__Requirement__. Once the pictures are set aside, repeat all of the data below exactly.

__Data segment__.
#####

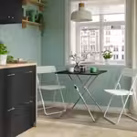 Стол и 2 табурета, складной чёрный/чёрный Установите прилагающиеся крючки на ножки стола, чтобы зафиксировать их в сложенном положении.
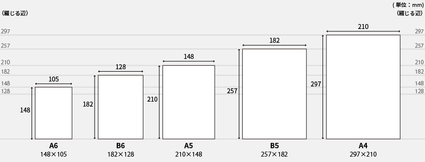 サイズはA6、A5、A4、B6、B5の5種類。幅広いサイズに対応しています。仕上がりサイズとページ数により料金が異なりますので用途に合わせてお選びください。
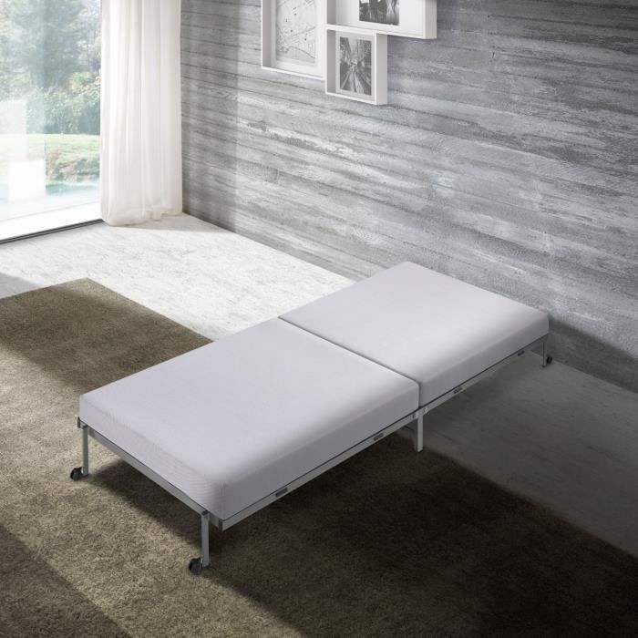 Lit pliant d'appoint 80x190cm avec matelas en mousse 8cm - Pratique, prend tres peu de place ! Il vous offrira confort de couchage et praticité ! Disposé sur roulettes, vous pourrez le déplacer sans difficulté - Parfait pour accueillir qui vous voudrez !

#####

__Task output__.
 Стол и 2 табурета, складной чёрный/чёрный Установите прилагающиеся крючки на ножки стола, чтобы зафиксировать их в сложенном положении.
 サイズはA6、A5、A4、B6、B5の5種類。幅広いサイズに対応しています。仕上がりサイズとページ数により料金が異なりますので用途に合わせてお選びください。
 Lit pliant d'appoint 80x190cm avec matelas en mousse 8cm - Pratique, prend tres peu de place ! Il vous offrira confort de couchage et praticité ! Disposé sur roulettes, vous pourrez le déplacer sans difficulté - Parfait pour accueillir qui vous voudrez !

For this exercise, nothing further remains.